----- INFORMATION PROVIDED -----
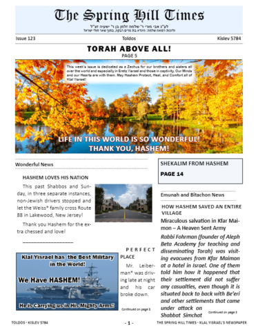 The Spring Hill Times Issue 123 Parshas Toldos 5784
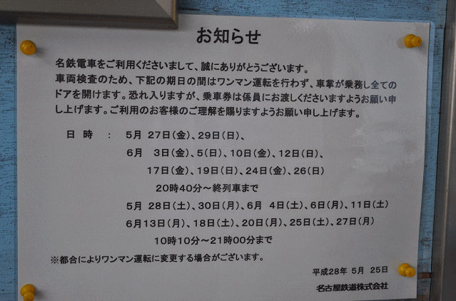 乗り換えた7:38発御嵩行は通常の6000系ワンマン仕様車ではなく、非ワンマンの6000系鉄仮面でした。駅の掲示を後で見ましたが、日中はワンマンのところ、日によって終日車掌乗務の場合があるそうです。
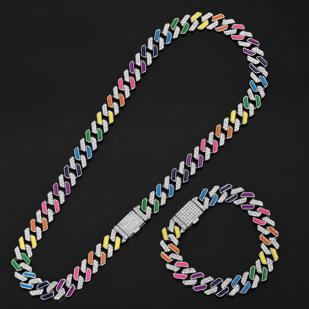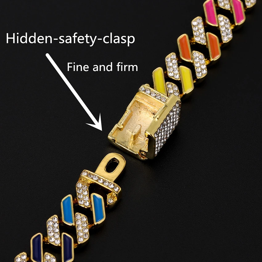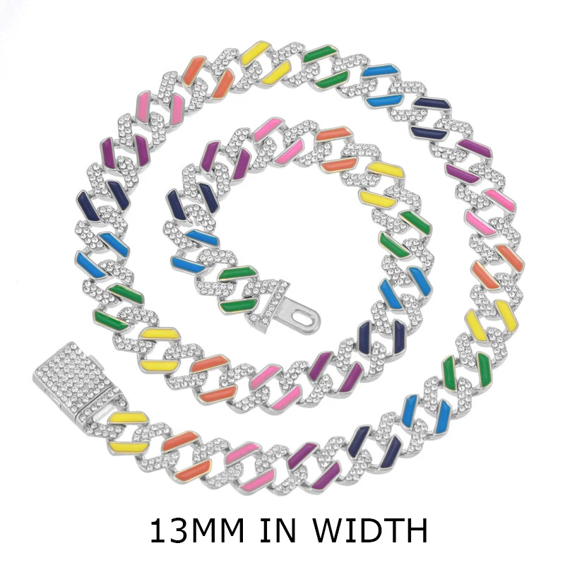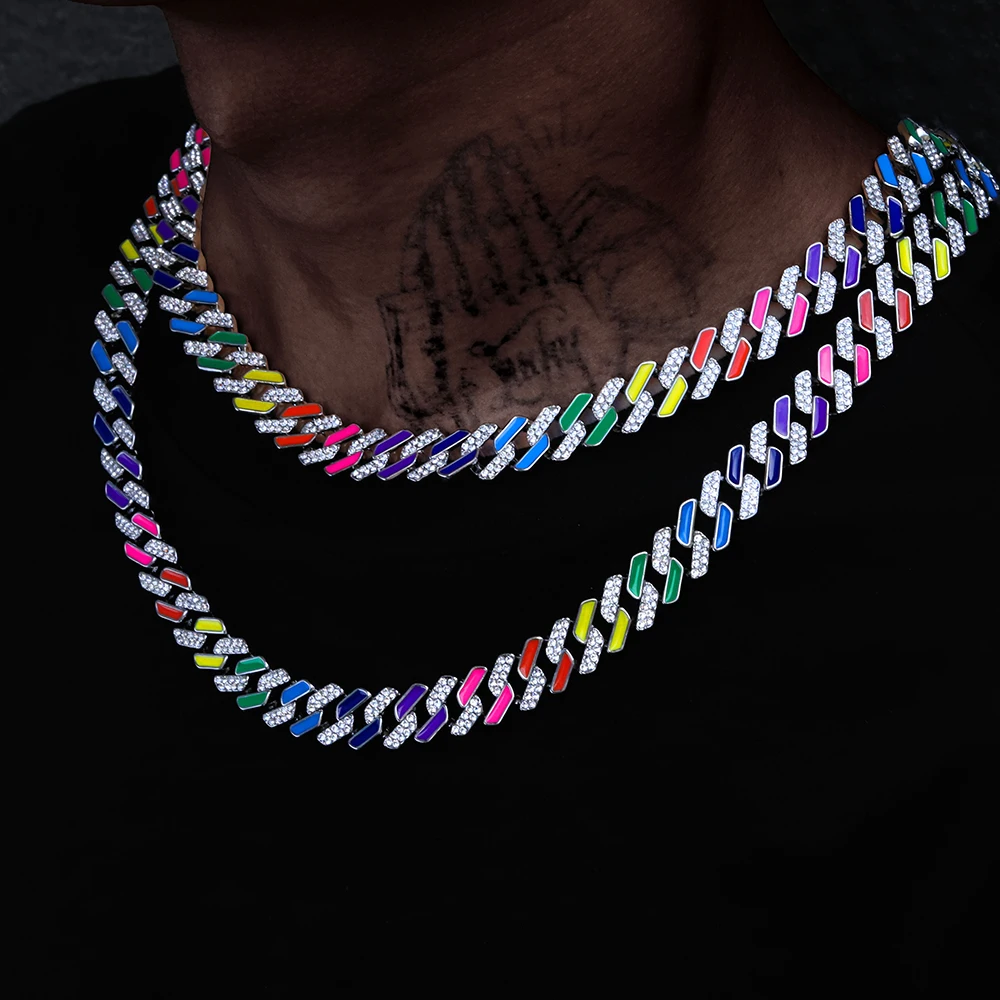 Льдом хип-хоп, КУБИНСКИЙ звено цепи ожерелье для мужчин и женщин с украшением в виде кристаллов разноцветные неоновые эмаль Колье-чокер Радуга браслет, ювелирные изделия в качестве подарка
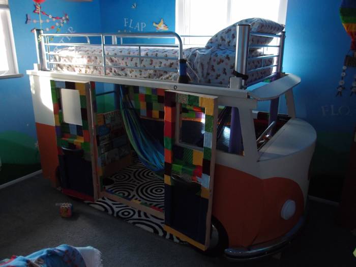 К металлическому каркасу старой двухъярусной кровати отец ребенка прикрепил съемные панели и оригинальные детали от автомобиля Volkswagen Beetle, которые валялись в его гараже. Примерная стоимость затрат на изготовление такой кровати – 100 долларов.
-----
- **WORK INSTRUCTIONS**
Repeat, exactly and in full, each line from the start of the data to the line that contains "Льдом хип-хоп, КУБИНСКИЙ". Pictures do not go in.

- **TASK OUTPUT**
 The Spring Hill Times Issue 123 Parshas Toldos 5784
 乗り換えた7:38発御嵩行は通常の6000系ワンマン仕様車ではなく、非ワンマンの6000系鉄仮面でした。駅の掲示を後で見ましたが、日中はワンマンのところ、日によって終日車掌乗務の場合があるそうです。
 Льдом хип-хоп, КУБИНСКИЙ звено цепи ожерелье для мужчин и женщин с украшением в виде кристаллов разноцветные неоновые эмаль Колье-чокер Радуга браслет, ювелирные изделия в качестве подарка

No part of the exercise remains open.